Parentage is the legal parent-child relationship. A legal parent is someone who has all the rights and responsibilities of parenthood. For children, a legal parent-child relationship is central to stability, security and well-being. Although there are many ways to establish legal parentage, very few are currently codified by statute in Massachusetts. Inclusive and updated parentage statutes are key to securing children to their parents.

Why do we need to update parentage statutes in Massachusetts?

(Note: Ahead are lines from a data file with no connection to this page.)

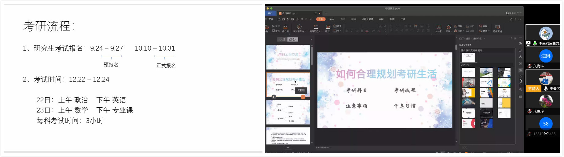会上辅导员王景民介绍了学院近三年的考研情况,通过历年情况的说明,帮助备考学子在考研中为自己立好Flag。2016级优秀考研学子李若凡和李昊同学从考研规划、详细科目的备考经验、心态调整等方面详细介绍了自己的备考心得。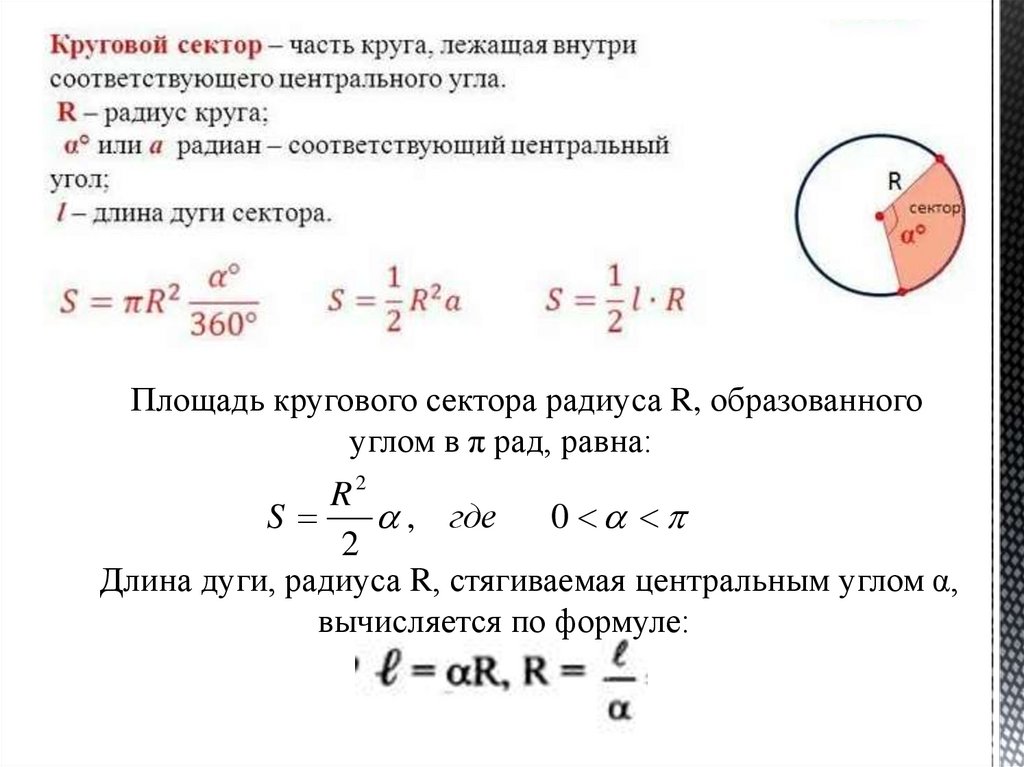 Длина дуги, радиуса R, стягиваемая центральным углом α,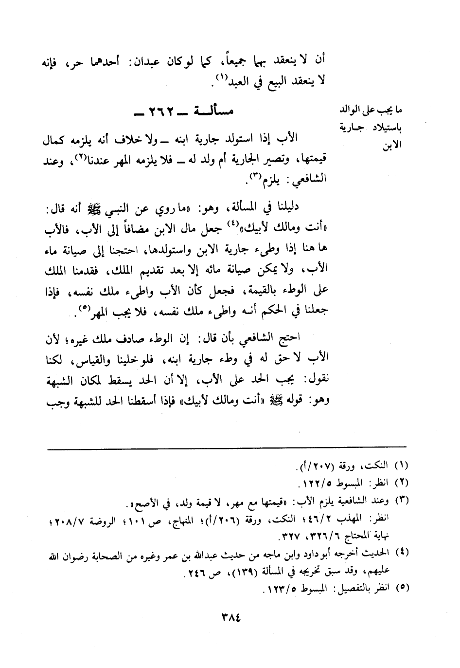 (¬5) انظر بالتفصيل: المبسوط 5/ 123.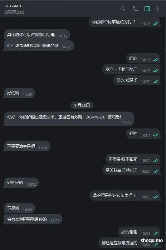 7月19日公司RZ部门 RZCAMII同事联系我说收到了离职申请,目前我的护照办理9G中离职了要把我的9G撤回 我问什么时间送过去办理回复我4月份, 说7月初同事通知我去按指纹 而我接到消息都7月11日了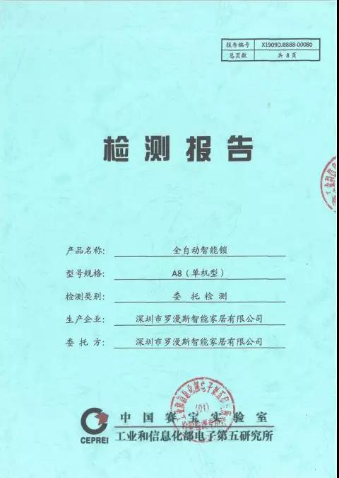 A8在做工方面突破了行業(yè)傳統(tǒng)的手法,在業(yè)內(nèi)率先將與智能手機(jī)一樣的CNC工藝應(yīng)用于智能鎖上,讓A8也能像智能鎖手機(jī)一樣擁有科技時(shí)尚的外觀。同時(shí),羅曼斯A8還搭配業(yè)內(nèi)造價(jià)較高的全鋼化玻璃,硬度達(dá)到了9H,耐磨性高于普通智能鎖。并通過(guò)中國(guó)賽寶實(shí)驗(yàn)室檢測(cè)認(rèn)證、公安部安全與警用電子質(zhì)量檢測(cè)中心檢測(cè)認(rèn)證。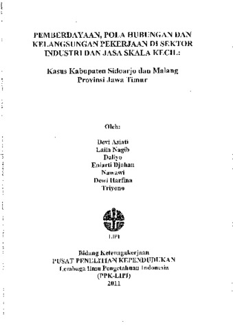 Devi Asiati and Laila Nagib and Daliyo and Eniarti Djohan and Nawawi and Dewi Harfina and Triyono (2011) Pemberdayaan, pola hubungan dan kelangsungan pekerjaan di sektor industri dan jasa skala kecil : Kasus kabupaten Sidoarjo dan Malang provinsi Jawa Timur. Project Report. Lembaga Ilmu Pengetahun Indonesia, Jakarta.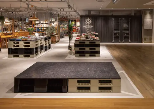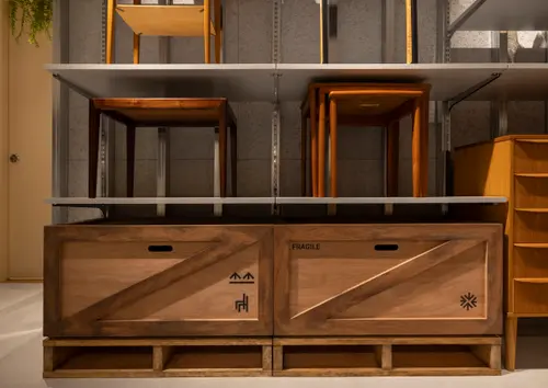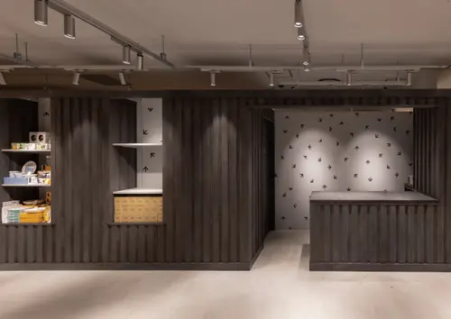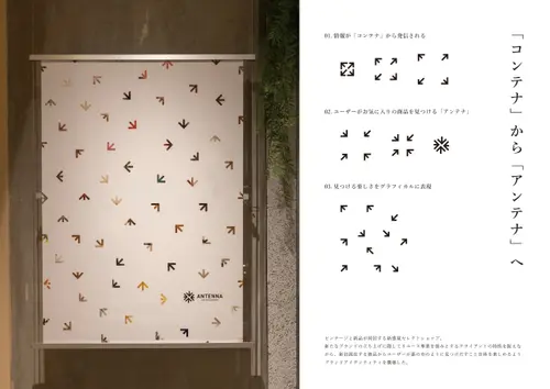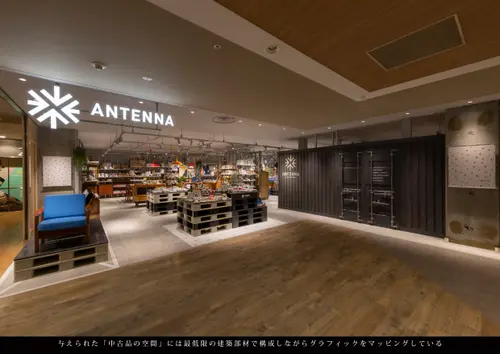 新たなブランドの立ち上げに際してリユース事業を強みとするクライアントの特性を捉えながら、新旧混在する商品からユーザーが蚤の市のように見つけだすこと自体を楽しめるようアイデンティティを構築した。与えられた「中古品の空間」には最低限の部材で構成しながら、そのポテンシャルを活かし、そこにグラフィックをマッピングすることでブランドの持つ軽快さを演出した。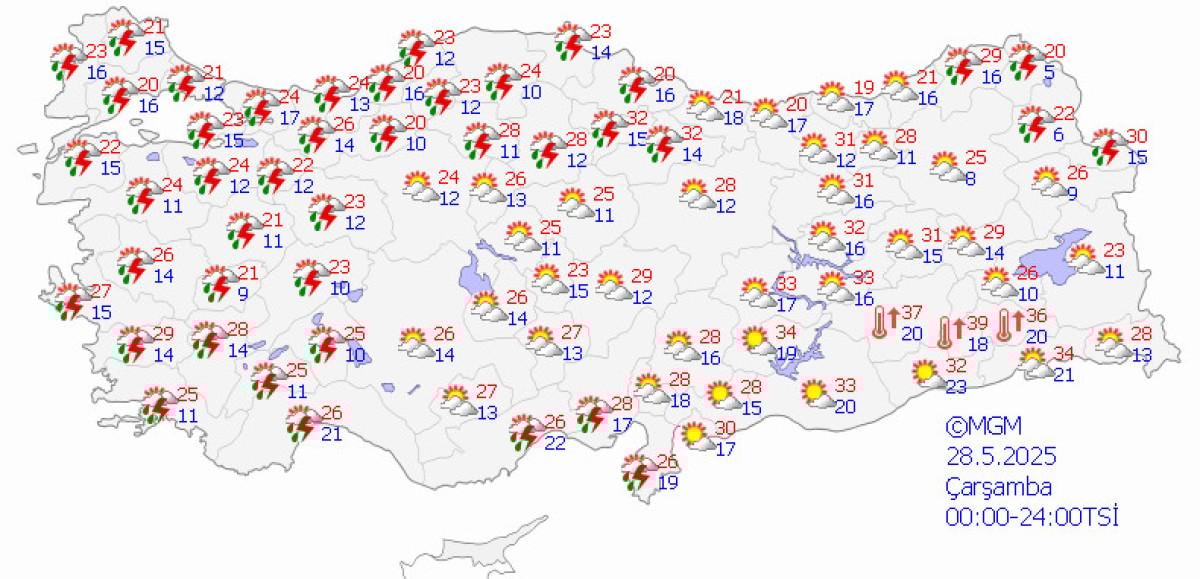 28 Mayıs Çarşamba, doğuda yüksek sıcaklıklar yerini yavaş yavaş serin havaya bırakacak.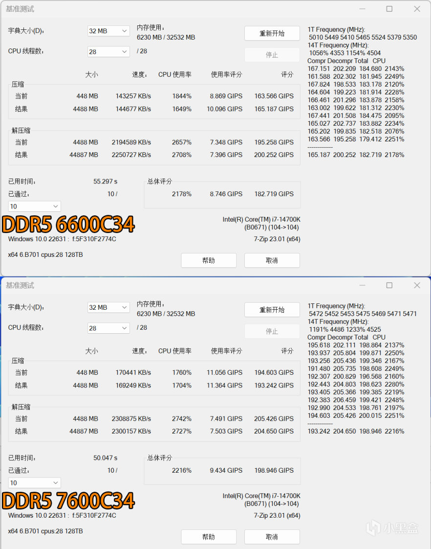7-ZIP基準測試也是一個比較喫內存性能的項目,手動超頻的主要在於壓縮方面,提升幅度達到了17%之多,體現在實際應用當中這是一個客觀的效率提升,解壓縮則主要依賴於CPU多線程性能,提升並不是特別大。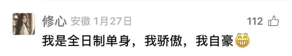 评论区更是热闹,有人补充:我是上班时间单身,下班路上单身,在个别人心里单身、有一点单身......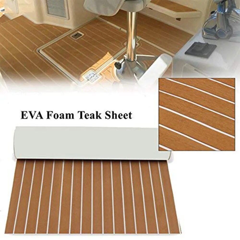 600x2400x5mm EVA Foam Faux Teak Boat Decking Mat Brown Deck Sheet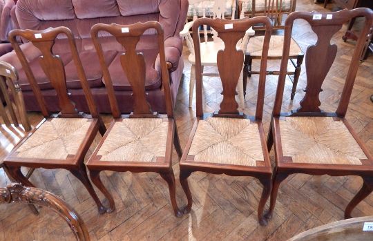 A set of four fiddle back dining chairs, with rush seats on cabriole legs with pad feet (4 singles)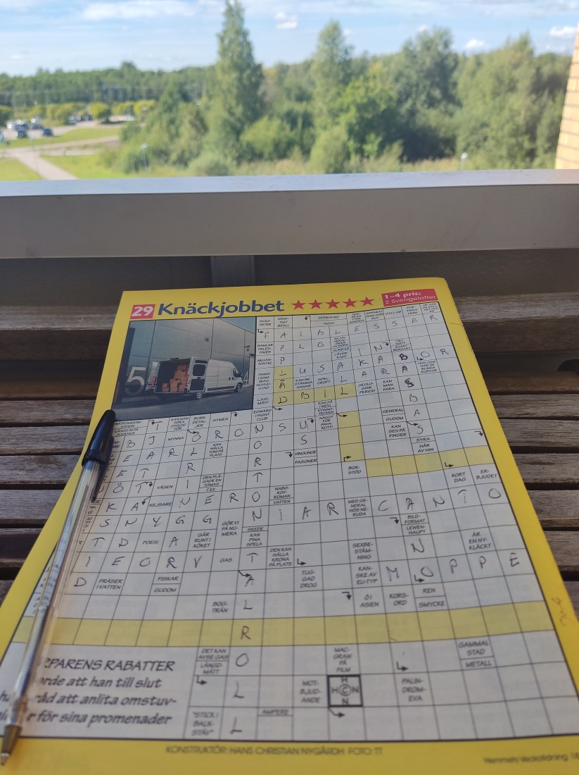 Sitter nu och brottas med mitt kryss,,svårt,,men nu går det trögt,,på riktigt. Men man får inte ge sig.

Massachusetts parentage law is outdated, incomplete and confusing. It does not reflect the richness and diversity of modern families. This creates shortcomings and gaps that leave broad swaths of children vulnerable to separation from their parents and related harms. For example:

  • Massachusetts is a state where rights for the children of LGBTQ parents have been recognized by courts on an ad hoc basis as opposed to being protected through proactive, comprehensive statutory reforms.[1] While protection through the courts has been important, those protections are harder for parents and children to access, and they require extensive litigation that can result in harm to children and families.
  • The Massachusetts statute that governs parentage of non-marital children – Chapter 209C – was enacted in 1986 and is clearly outdated in its language.
  • Massachusetts has no statutory guidance for how to resolve competing presumptions of parentage and competing claims of legal parentage.
  • De facto parent status – a status recognized since 1999 – is currently a court-created, equitable status that breeds uncertainty and confusion for children, parents, attorneys, and courts. A clear statutory standard will protect these nurturing parental relationships and ensure access to justice. This would bring Massachusetts in line with other New England states including Maine, Vermont, and Rhode Island.
  • Massachusetts has only one statute addressing parentage of children born through assisted reproduction, and it only addresses marital children, which raises constitutional concerns. See G. L. c. 46, §4B. The status quo is inadequate considering that Massachusetts has the highest rate of births through assisted reproduction in the country.[2] Massachusetts is the only New England state without comprehensive protections for children born through assisted reproduction.
  • Massachusetts has no statutes protecting those involved in the surrogacy process. This leads to harmful delays and uncertainties for children, families and people acting as surrogates as there is no uniform process for establishing parentage in our courts. For decades – and most recently in 2020 — Massachusetts courts have called on the Legislature to enact comprehensive statutory protections for children born through surrogacy. See, e.g., Culliton v. Beth Isr. Deaconess Med. Ctr., 435 Mass. 285 (2001); Adoption of Daphne, 484 Mass. 421, 424 n. 8 (2020). We are the only New England state without any statutory protections for those involved in building families through surrogacy.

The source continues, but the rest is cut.